When he was seventeen years old he received monastic tonsure, and attained such perfection in fasting and prayer that he was given the gift of wonderworking. After spending ten years at the monastery of St. Flavian, he went to Jerusalem, and from there to the monastery of St. Euthymius the Great (January 20). But St. Euthymius sent St. Savva to Abba Theoctistus, the head of a nearby monastery with a strict cenobitic rule. St. Savva lived in obedience at this monastery until the age of thirty.
After the death of the Elder Theoctistus, his successor blessed St. Savva to seclude himself in a cave. On Saturdays, however, he left his hermitage and came to the monastery, where he participated in divine services and ate with the brethren. After a certain time St. Savva received permission not to leave his hermitage at all, and he struggled in the cave for five years.
St. Euthymius attentively directed the life of the young monk, and seeing his spiritual maturity, he began to take him to the Rouba wilderness with him. They set out on January 14, and remained there until Palm Sunday. St. Euthymius called St. Savva a child-elder, and encouraged him to grow in the monastic virtues.
When St. Euthymius fell asleep in the Lord (+ 473), St. Savva withdrew from the Lavra and moved to a cave near the monastery of St. Gerasimus of the Jordan (March 4). After several years, disciples began to gather around St. Savva, seeking the monastic life. As the number of monks increased, a lavra [large, developed monastery] sprang up. When a pillar of fire appeared before St. Savva as he was walking, he found a spacious cave in the form of a church.
St. Savva founded several more monasteries. Many miracles took place through the prayers of St. Savva: at the Lavra a spring of water welled up, during a time of drought there was abundant rain, and there were also healings of the sick and the demoniacs. St. Savva composed the first monastic Rule of church services, the so-called “Jerusalem Typikon”, accepted by all the Palestine monasteries. The saint surrendered his soul to God in the year 532.
How St. Savva’s relics returned to the Holy Land from Venice
St. Savvas, while yet alive, foretold that his relics would be taken from the monastery but later returned, and during the first Crusade (1096-1099), his relics were in fact stolen and taken to Venice.

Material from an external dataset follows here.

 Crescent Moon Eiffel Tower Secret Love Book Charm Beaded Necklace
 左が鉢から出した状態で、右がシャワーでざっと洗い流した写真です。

There they would lay (we won’t say “rest”) for 900 years before finally returning to the Holy Land. Abbot Seraphim of the Lavra of St. Savva the Sanctified explained the Roman Catholic pope’s sudden willingness to return St. Savva’s relics to their rightful place after nine centuries.
When Pope John XXIII was ruling Rome, St. Savva began appearing to him and telling him that he wanted to return to his monastery. Although these appearances happened many times, the Pope nevertheless went to his grave without fulfilling St. Savva’s request. But the saint from Cappodocia was determined, and appeared to the pope’s successor, Paul VI. In case this was not enough, the saint began rattling the glass of his reliquary and frightening the guards and Latin monks.

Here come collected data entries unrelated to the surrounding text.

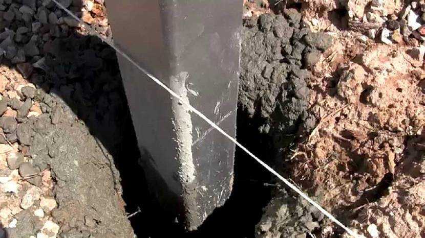 При бетонировании столбов необходимо контролировать и линию их установки по натянутому шнуркуИсточник ytimg.com
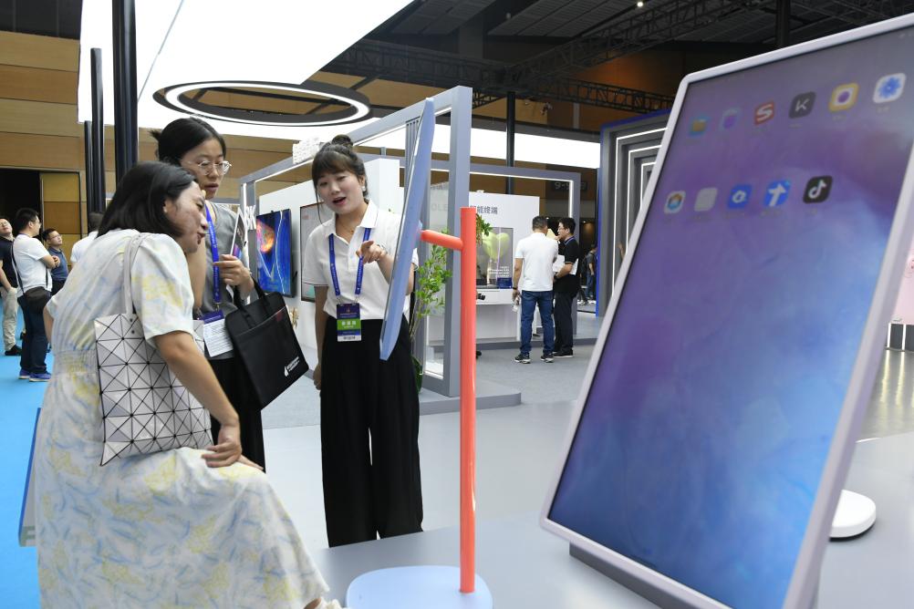 参观者了解“四川造”新型显示产品。新华社记者唐文豪 摄
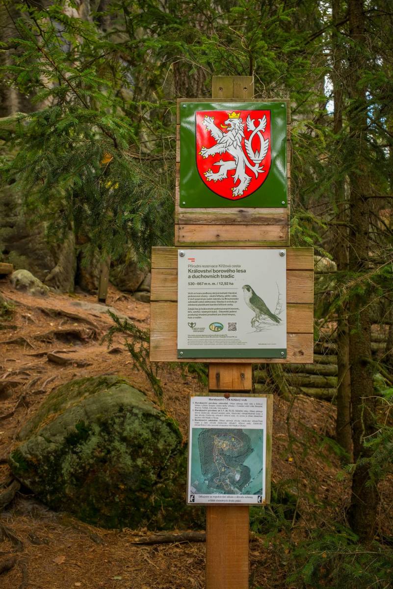 Mapa obejmuje bardzo atrakcyjną turystycznie czeską część Gór Stołowych. Podobnie jak w polskiej części masywu, także ten region obfituje w przeróżne ciekawe formacje skalne. Ciekawym szczytem Broumowskich Ścian jest leżąca nieopodal Koruna z punktem widokowym i interesującymi formacjami skalnymi na szczycie, natomiast za największą atrakcję uchodzi góra Hvězda (674 m n.p.m.), na której szczycie, na skalnej krawędzi, znajduje się barokowa kaplica Matki Boskiej Śnieżnej, wykonana z piaskowca ciosowego (zbudowana na podstawie pięcioramiennej gwiazdy). Miasta skalne znajdujące się w Adršpašskoteplickich skálach są jednym z najbardziej znanych piaskowcowych terenów wspinaczkowych na świecie. Między labiryntami form skalnych przebiega płatna trasa turystyczna niewymagająca żadnej wprawy przy chodzeniu po górach, składająca się z wygodnych schodków, poręczy, drabin i miejscami sztucznie wybudowanych chodników i platform. W pobliżu znajduje się też Teplickie Skalne Miasto – nieco mniej znane od Adršpašskoteplickich skál, lecz rozleglejsze, wyższe i bardziej dzikie.
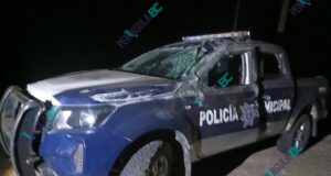 Policías sufren volcadura al intentar evadir a una vaca al sur...
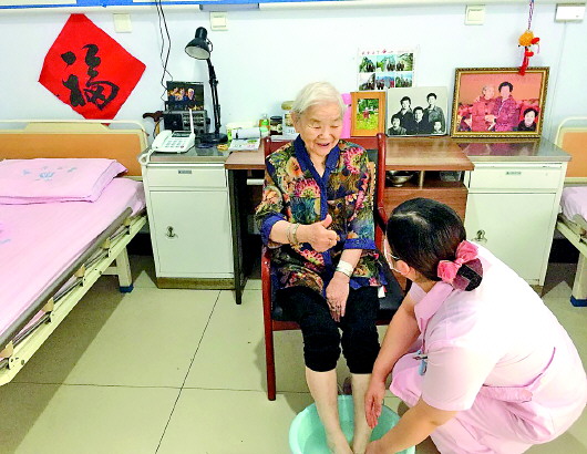 每天给科室老人们做口腔护理、定时翻身、更换纸尿裤、擦身、洗漱、喂饭、加餐等一些日常生活照料,吕玉梅都精心细致,从不倦怠。

Meanwhile, in the Holy Land, a rainbow appeared every day to the east of the Lavra for a month until the relics returned, as a sign.
Although a number of ecumenical gestures were being made by Rome to the Orthodox at the time, some had doubts that the Latins were really returning St. Savva’s authentic relics after so many years. It seemed too good to be true. However, when Fr. Seraphim came to Venice to receive the relics, he carefully examined them, and saw that one eye was missing. Since during the saint’s lifetime the Monophosytes had put out his eye, this was a satisfactory verification. But there would also later be a series of miraculous appearances by the saint to different people in the Holy Land just before his arrival and during his stay in the Jerusalem Church of the Resurrection, which left no doubt that St. Savvas had truly returned home.
The relics of St. Savva the Sanctified returned to the Lavra on October 10, 1965, and many miracles wrought by him have since been recorded.